Gracias a ella se trabajó con rapidez. Las cosas inútiles se desechaban, las útiles se embalaban de la mejor manera posible. Pero, aún así, llegó la noche sin que estuviera todo preparado. La Condesa se dormía. Él Conde su fue a la cama, dejando la marcha para el día siguiente.
Sonia y Natacha se acostaron vestidas en el cuarto tocador. La noche les trajo por la calle Proverskaia a un herido nuevo, y María Kouzminichna, que se encontraba junto a la puerta cochera, le hizo entrar.
«El herido - se dijo - debe de ser persona importante, porque se le conduce en un coche cerrado.» Junto al cochero iba sentado un viejo ayuda de cámara de aire respetable. Detrás, en otro coche, le seguían un médico y dos soldados.
- Entren si gustan.

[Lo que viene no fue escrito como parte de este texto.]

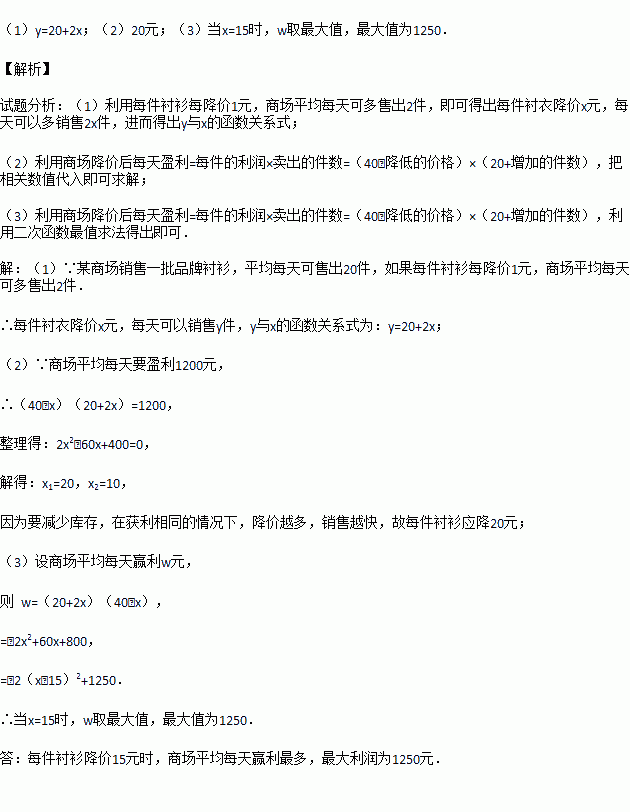 某商场销售一批品牌衬衫,平均每天可售出20件,每件盈利40元,为了扩大销售,增加盈利,尽快减少库存,商场决定采取适当的降价措施,经调查发现,如果每件衬衫每降价1元,商场平均每天可多售出2件.
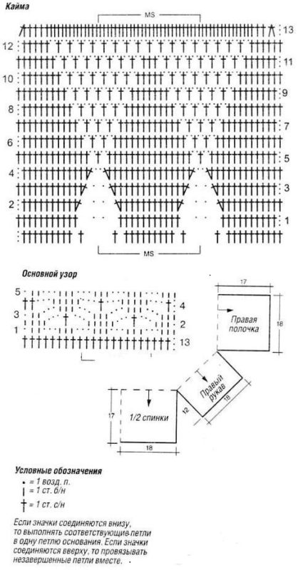 Кайма: вяжется по схеме (указаны лицев. и изнаночн. рр.). Повторяем петельки раппорта: 1 х 1-13 рр.

Los señores se marchan. Toda la casa quedará vacía - explicó María Kouzminichna al viejo servidor.
- Nosotros tenemos casa puesta en Moscú - explicó éste -, pero está lejos y además no hay nadie.
- Entren, entren, por favor. Aquí hallarán todo lo necesario - insistió María.
El criado abrió los brazos.
-Antes voy a hablar con el doctor - dijo.
Se apeó de la calesa y se acercó al segundo coche.
- ¡Bueno! - concedió el médico.
El criado volvió junto a la calesa, dirigió una ojeada al interior, bajó la cabeza, se colocó al lado de María y ordenó al cochero que entrara en el patio.
- ¡Dios mío! - exclamó ella.
Luego propuso entrar el herido en la casa.
- Los amos no dirán nada…
Mas, como no se le podía subir por la escalera, se le condujo al pabellón y allí quedó instalado. ¡El herido era el príncipe Andrés Bolkonski!